Scythe uses a Naive Bayesian approach to classify contaminant substrings in sequence reads. It considers quality information, which can make it robust in picking out 3'-end adapters, which often include poor quality bases.
scythe -a adapter_file.fasta -o trimmed_sequences.fasta sequences.fastq
By default, the prior contamination rate is 0.05. This can be changed (and one is encouraged to do so!) with:
scythe -a adapter_file.fasta -p 0.1 -o trimmed_sequences.fastq sequences.fastq
If you'd like to use standard out, it is recommended you use the --quiet
option:
scythe -a adapter_file.fasta --quiet sequences.fastq > trimmed_sequences.fastq
Also, more detailed output about matches can be obtained with:
scythe -a adapter_file.fasta -o trimmed_sequences.fastq -m matches.txt sequences.fastq
By default, Illumina's quality scheme (pipeline > 1.3) is used.

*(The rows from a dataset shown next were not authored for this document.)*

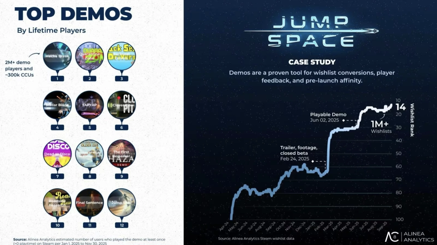 试玩数据方面,《解限机Mecha Break》成为2025年最受欢迎的Demo作品(统计可能不包含公开测试),试玩玩家超过200万人,同时在线峰值人数突破30万。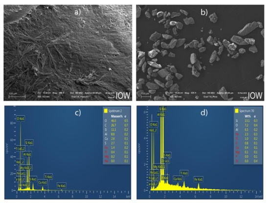 The energy dispersive X-ray (EDX) and the scanning electron microscope (SEM) images and elemental spectra of the adsorbent were described both before and after adsorption respectively (Figure 1). The SEM images of the adsorbent revealed that the leftover coal has a spherical shape and heterogeneous cross-sectional surfaces (Figure 1a,b). The EDX analysis showed the elemental composition and spectral peaks of the adsorbent. Figure 1c,d revealed that the peak with contents of carbon(C), silica (Si), aluminum (Al), sulfur (S), calcium (Ca) and iron (Fe) all at K-alpha signals. As expected, the leftover coal contains high amounts of SiO2, Al2O3 and organic materials. The p was observed after adsorption at the peak position of 1.98 keV as K-alpha signal (Figure 1d), from which we conclude that leftover coal material is suitable for phosphate removal.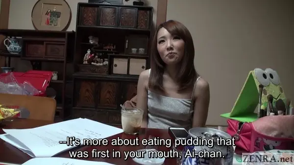 Public play also happened in a manga internet cafe, but this time it centered around a covert CFNM penis examination of SADE SATOU. AI was curious, handsy, and even used her mouth (and nose too of course). This was a bizarre scene in that it didn't conclude with an ejaculation (that came much later), but simply featured her smelling, touching, and licking the more indecent areas of SADE's body in very close quarters.

Sanger or Solexa (pipeline < 1.3) qualities can be specified with -q
:
scythe -a adapter_file.fasta -q solexa -o trimmed_sequences.fastq sequences.fastq
Lastly, one can specify the minimum match length argument with -n
and the minimum length of sequence (discarded less than or equal to this parameter) to keep after trimming with -M
:
scythe -a adapter_file.fasta -n 0 -M 10 -o trimmed_sequences.fastq sequences.fastq
The default is 5. If this pre-processing is upstream of assembly on a very contaminated lane, decreasing this parameter could lead to very liberal trimming, i.e. of only a few bases.